*Given material*:
· · · ·

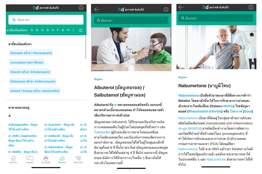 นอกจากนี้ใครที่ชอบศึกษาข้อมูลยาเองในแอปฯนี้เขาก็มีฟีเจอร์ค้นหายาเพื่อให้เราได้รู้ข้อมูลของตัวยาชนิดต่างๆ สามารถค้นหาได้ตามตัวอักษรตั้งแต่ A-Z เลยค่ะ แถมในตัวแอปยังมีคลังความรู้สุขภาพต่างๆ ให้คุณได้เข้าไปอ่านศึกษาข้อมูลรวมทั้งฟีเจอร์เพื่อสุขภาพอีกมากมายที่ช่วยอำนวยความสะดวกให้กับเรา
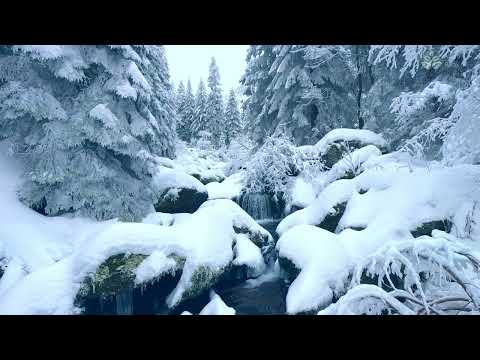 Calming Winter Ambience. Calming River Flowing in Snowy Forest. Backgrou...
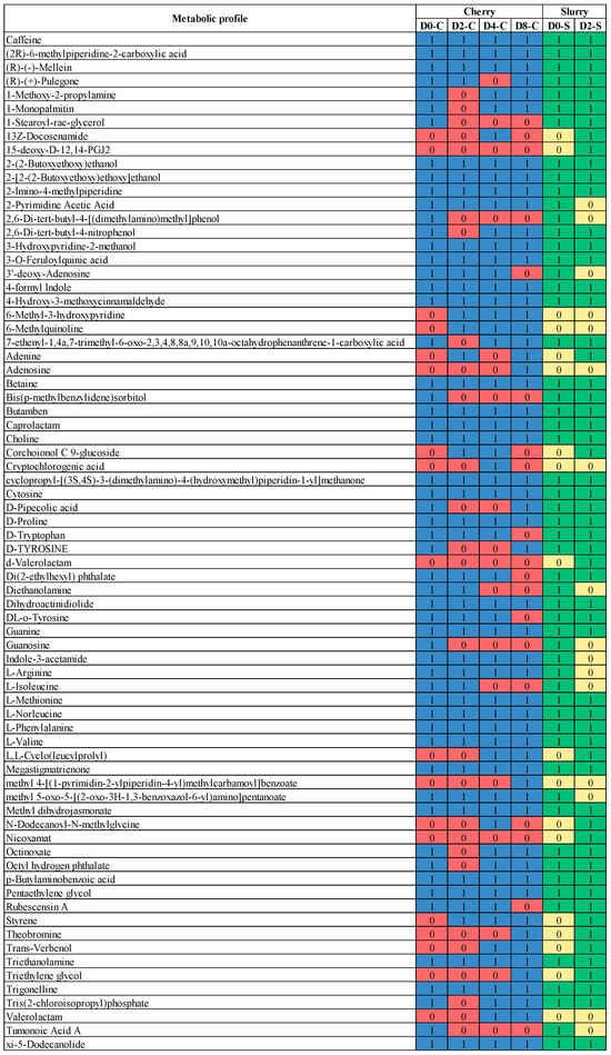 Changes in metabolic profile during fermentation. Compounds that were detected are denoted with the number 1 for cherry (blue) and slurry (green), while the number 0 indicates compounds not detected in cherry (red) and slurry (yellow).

· · · ·

*Try it*: Where a picture appears, skip it and copy the rest of the data word for word.

*Task answer*:
 นอกจากนี้ใครที่ชอบศึกษาข้อมูลยาเองในแอปฯนี้เขาก็มีฟีเจอร์ค้นหายาเพื่อให้เราได้รู้ข้อมูลของตัวยาชนิดต่างๆ สามารถค้นหาได้ตามตัวอักษรตั้งแต่ A-Z เลยค่ะ แถมในตัวแอปยังมีคลังความรู้สุขภาพต่างๆ ให้คุณได้เข้าไปอ่านศึกษาข้อมูลรวมทั้งฟีเจอร์เพื่อสุขภาพอีกมากมายที่ช่วยอำนวยความสะดวกให้กับเรา
 Calming Winter Ambience. Calming River Flowing in Snowy Forest. Backgrou...
 Changes in metabolic profile during fermentation. Compounds that were detected are denoted with the number 1 for cherry (blue) and slurry (green), while the number 0 indicates compounds not detected in cherry (red) and slurry (yellow).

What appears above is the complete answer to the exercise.